Неожиданно Хант резко наклонился к лицу лаборанта, отчего тот прервался, и процедил:

– Кто здесь генетик? Я или вы?

– Я, но…

– Так делайте свою работу! – рявкнул Артур. – Потому что моя – разбираться с последствиями.

– Д-да, господин Хант, – пролепетал испуганный мальчишка и хотел, видимо, сказать что-то ещё, но тут за тяжёлыми стеклянными дверями, которые отделяли Ферму от остальной части здания, послышался шум.

Сначала это был просто грохот, словно что-то упало, однако затем Хант смог различить приглушённые голоса. И когда те достигли своего апогея, медленно выпрямился, сложил руки за спину и слегка склонил голову набок, приготовившись к неизбежному. И оно, конечно, не заставило себя ждать. Флоранс Мэй его ещё ни разу не подвела.

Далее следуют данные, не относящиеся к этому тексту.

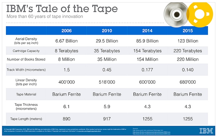 Zum Hintergrund: Wissenschaftler von IBM Research in Zürich haben in Zusammenarbeit mit dem japanischen Unternehmen FUJIFILM erstmals Daten mit einer Speicherdichte von 123 Gigabits pro Quadratzoll (rund 6,45 cm2) auf einem Barium-Ferrit-Magnetband gespeichert. Mit der neuen Technologie könnte laut Hersteller demnach eine einzelne Linear Tape Open-Kassette (LTO) 220 Terabyte an unkomprimierten Daten speichern. Dies entspräche der 88-fachen Kapazität einer heutigen Bandspeicherkassette des Industriestandards LTO6 oder einer 22-fachen Steigerung gegenüber dem neuesten IBM Tape-Produkt.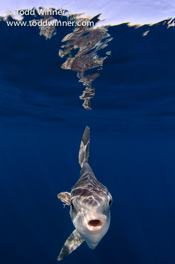8. USE THE SURFACE: Reflections are a great way to enhance an underwater marine life portrait, as it not only shows the viewer exactly where the subject is in the water column, but also adds an artistic touch to the photograph.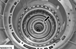 Using the Retaining Ring Pliers, install the center support snap ring. Using a suitable tool, make sure the snap ring is fully seated.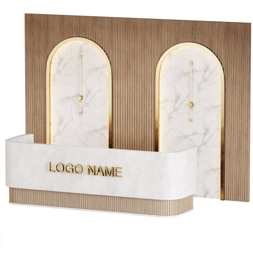 Quầy lễ tân đá vân mây là điểm nhấn hoàn hảo cho mọi không gian tiếp khách cao cấp. Thiết kế lấy cảm hứng từ sự giao thoa giữa nét cổ điển và đương đại, nổi bật với mặt quầy uốn cong mềm mại bằng đá trắng vân mây, tạo cảm giác sạch sẽ và tinh tế.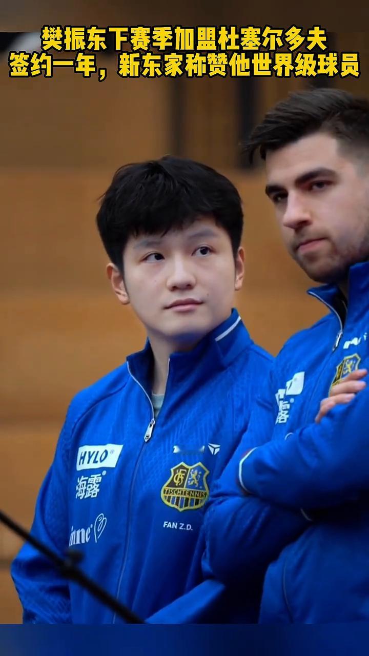 樊振东下赛季加盟杜塞尔多夫,签约一年,新东家称赞他世界级球员。 官宣樊振东将在下赛季继续征战德甲、乒乓球甲级联赛,转会加盟杜塞尔多夫俱乐部,签约一年合同。杜瑟经理更新合影,配文:欢迎樊振东加盟杜塞尔多夫,称赞他是世界级球星和杰出的体育人物。

Стеклянные двери разъехались в сторону с такой силой, что едва не разбились. Жалобно тренькнула их металлическая окантовка, и этот звук немедленно отозвался в голове Артура воспоминаниями о колокольцах. Чёрт побери! Однако дальше подумать он не успел, потому что Флоранс Мэй влетела на смотровой балкон, словно призванная упавшей чашей весов Немезида, и её голос гневно заметался меж бетонными сводами одного из «зубцов».

– Я не позволю! И мне плевать, насколько он занят! Я хочу знать, что происходит, и я узнаю, чёрт вас дери! – прокричала она своим преследователям, которые безуспешно пытались её остановить. Но куда там!

Какая неожиданная сила крылась в этом тощем на вид теле, Хант знал лучше их всех, но и не подумал помочь. Наоборот, он вдруг понял, что готов рассмеяться. Вопреки всем нарушениям правил, субординации и безопасности, его отчаянно веселило происходящее. Он сделал незаметный шаг вправо, сливаясь с тенью, и посмотрел на резко остановившуюся посреди балкона Мэй. А она была похожа на взбешённую молнию. Саму Бурю в женском обличии. Он понял, что улыбается, когда в белом лабораторном костюме, который в ультрафиолете отсвечивал немного потусторонним сиреневым цветом, и побледнев, кажется, ещё больше, Флоранс Мэй приняла самую воинственную для себя позу – сжала в бешенстве кулаки. Настоящее пламя! Резко оглянувшись, Мэй простёрла вперёд руку и одним лишь жестом остановила ковылявших за ней лаборантов. Хант был готов ей поаплодировать, но в этот момент она холодно процедила:

– Где он?

Тишина.

– Я спрашиваю: где он?

И вновь молчание.

– ГДЕ! ОН?!

Безумный крик взвился в воздух, и Артуру показалось, как на некоторых экранах мелькнула и исчезла рябь мелких помех. На самом деле, он подозревал, что Мэй будет в бешенстве. Не мог не догадываться. В конце концов, за эти недели у него было много возможностей изучить её поведение, и её саму. А после вчерашнего… после странных разговоров и дурацких колокольчиков, Артур знал, что просто так она не смирится. Но ей придётся это принять. Это и всё остальное, что ему только предстояло с ней обсудить. Так что Хант вновь шагнул под тусклый свет ламп и замер за спиной Мэй.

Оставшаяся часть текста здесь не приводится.